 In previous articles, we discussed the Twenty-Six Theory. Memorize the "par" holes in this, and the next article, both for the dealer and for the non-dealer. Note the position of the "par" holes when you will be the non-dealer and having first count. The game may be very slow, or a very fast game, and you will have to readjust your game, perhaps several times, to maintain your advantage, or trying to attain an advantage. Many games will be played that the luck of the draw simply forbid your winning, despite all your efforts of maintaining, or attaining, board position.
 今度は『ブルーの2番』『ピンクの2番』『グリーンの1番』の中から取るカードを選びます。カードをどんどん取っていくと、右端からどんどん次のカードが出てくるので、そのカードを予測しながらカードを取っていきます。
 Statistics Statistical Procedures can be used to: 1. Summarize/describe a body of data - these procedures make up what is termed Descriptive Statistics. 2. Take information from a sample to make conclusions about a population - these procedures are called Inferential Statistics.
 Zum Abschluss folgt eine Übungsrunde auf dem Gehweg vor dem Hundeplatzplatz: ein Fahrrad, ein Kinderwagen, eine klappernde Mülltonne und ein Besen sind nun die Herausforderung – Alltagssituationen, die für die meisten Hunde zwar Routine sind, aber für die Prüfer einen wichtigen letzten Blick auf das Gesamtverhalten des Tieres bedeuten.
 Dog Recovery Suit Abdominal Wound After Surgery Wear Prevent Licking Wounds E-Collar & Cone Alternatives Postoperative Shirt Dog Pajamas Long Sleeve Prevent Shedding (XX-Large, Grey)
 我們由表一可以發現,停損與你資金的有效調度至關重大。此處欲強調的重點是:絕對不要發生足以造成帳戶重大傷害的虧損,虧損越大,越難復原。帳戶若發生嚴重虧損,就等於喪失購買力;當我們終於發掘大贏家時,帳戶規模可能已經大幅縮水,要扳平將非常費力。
==
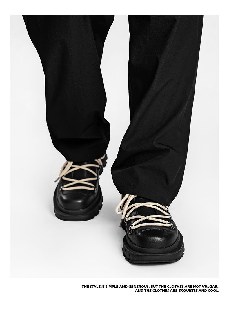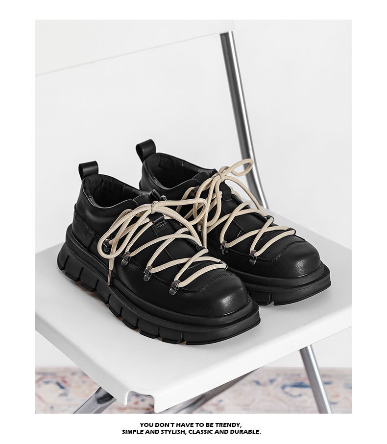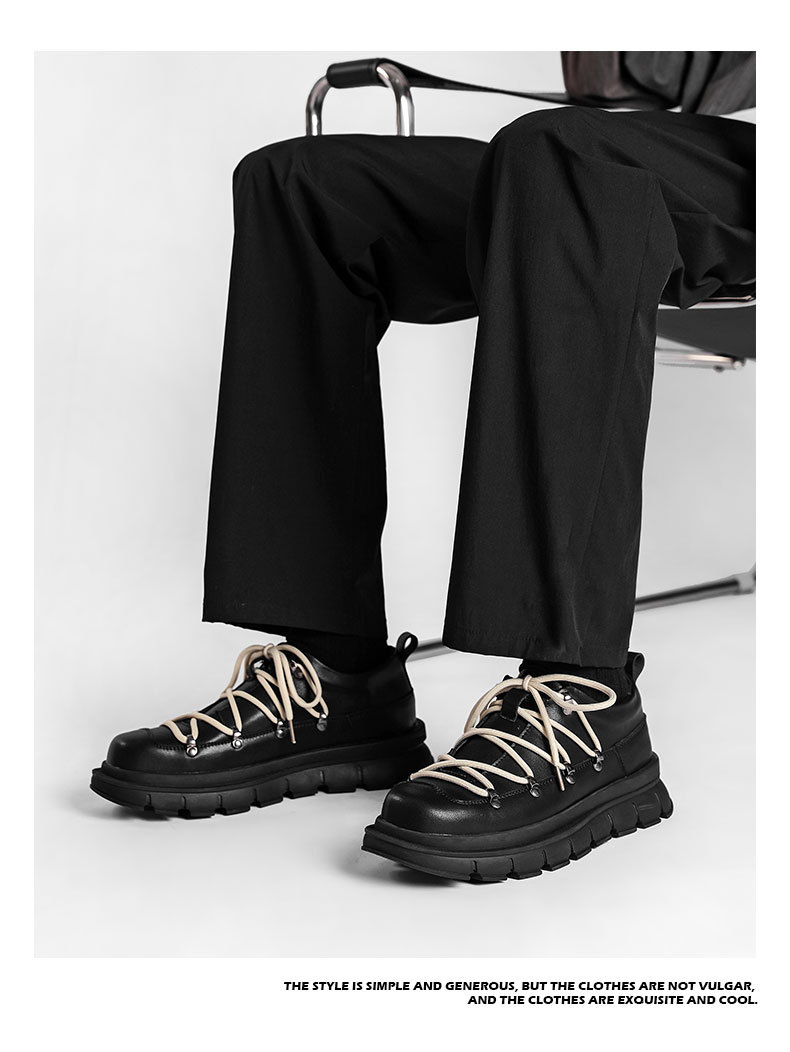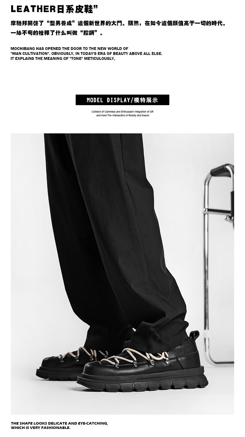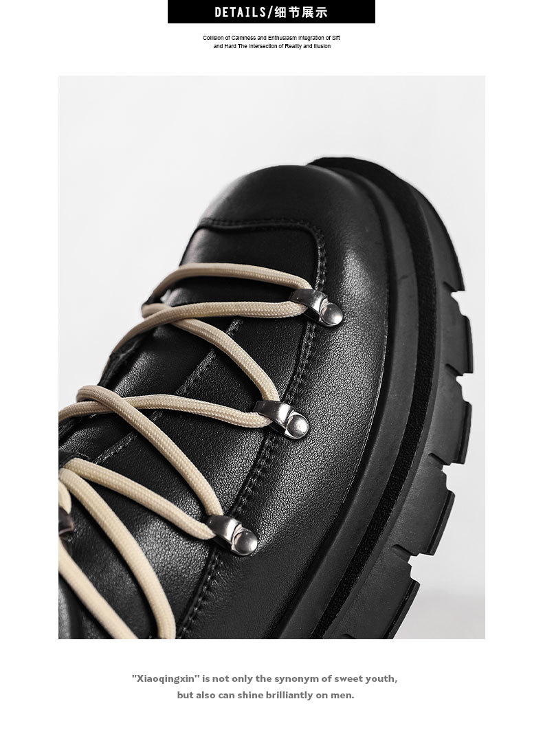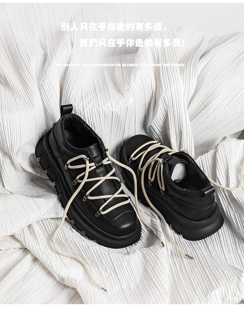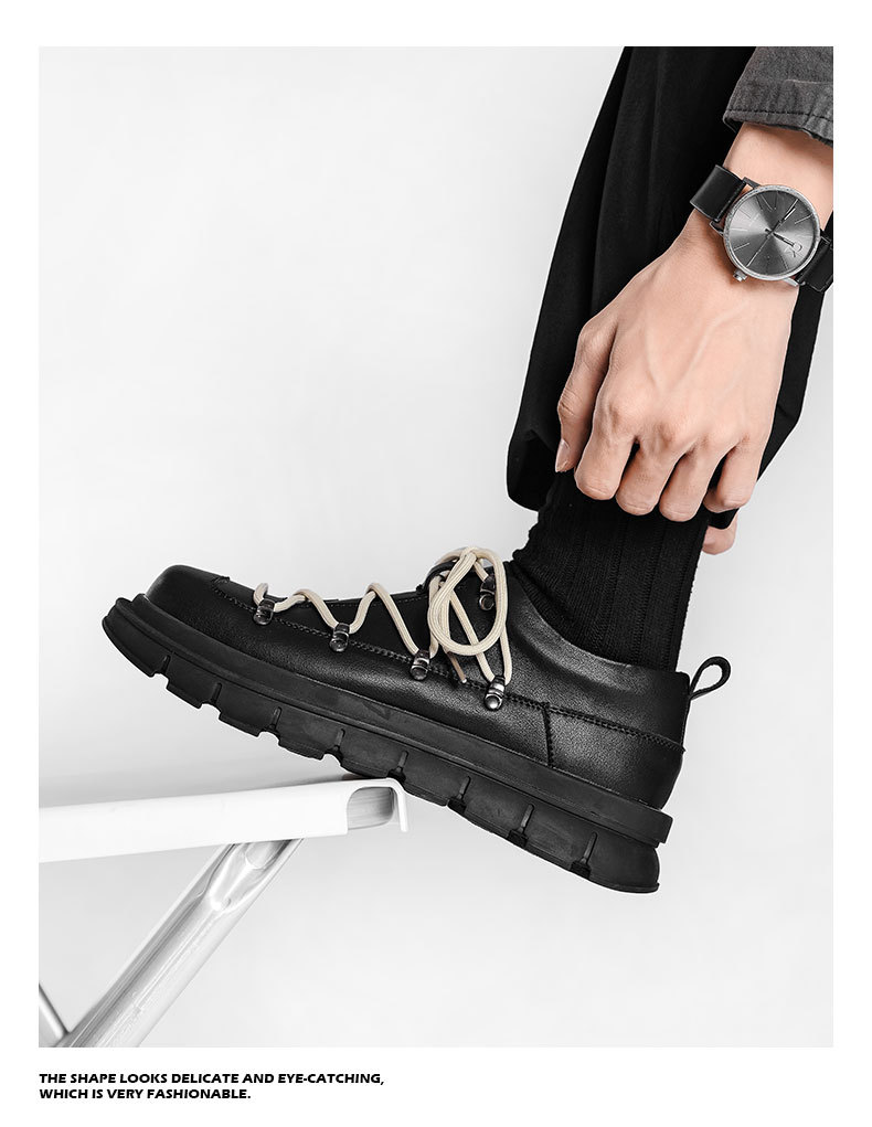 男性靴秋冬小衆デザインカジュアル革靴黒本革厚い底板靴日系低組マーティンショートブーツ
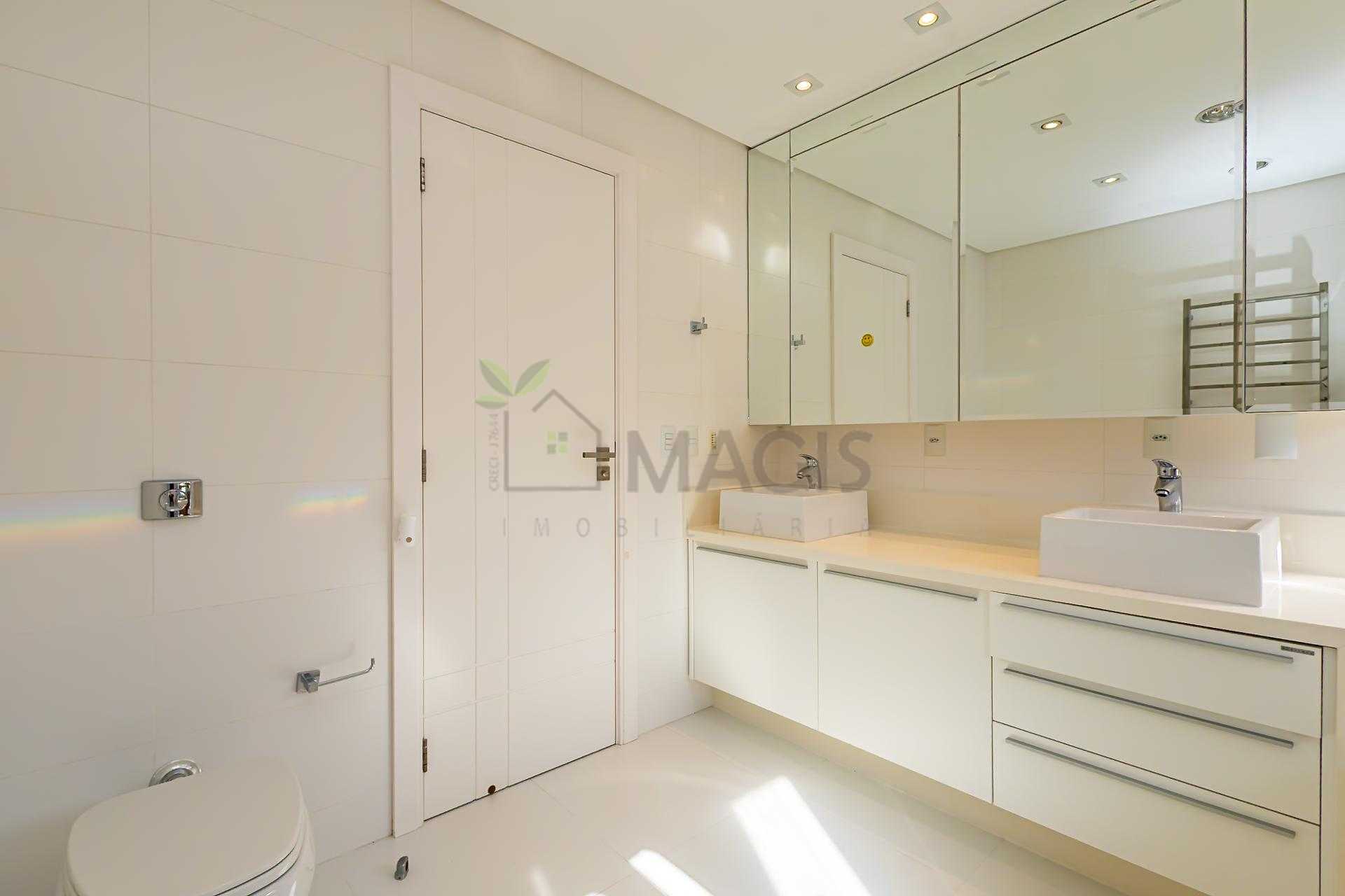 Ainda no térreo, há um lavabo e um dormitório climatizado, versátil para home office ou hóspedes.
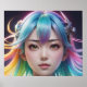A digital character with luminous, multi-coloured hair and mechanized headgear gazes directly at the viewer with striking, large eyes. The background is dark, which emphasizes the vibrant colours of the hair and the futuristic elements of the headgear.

- _WHAT THIS TASK INVOLVES_: Above, find the line holding "男性靴秋冬小衆デザインカジュ" and the line holding "A digital character". Print exactly those two lines and every line between them, but no pictures.

- _WRITTEN ANSWER_:
 男性靴秋冬小衆デザインカジュアル革靴黒本革厚い底板靴日系低組マーティンショートブーツ
 Ainda no térreo, há um lavabo e um dormitório climatizado, versátil para home office ou hóspedes.
A digital character with luminous, multi-coloured hair and mechanized headgear gazes directly at the viewer with striking, large eyes. The background is dark, which emphasizes the vibrant colours of the hair and the futuristic elements of the headgear.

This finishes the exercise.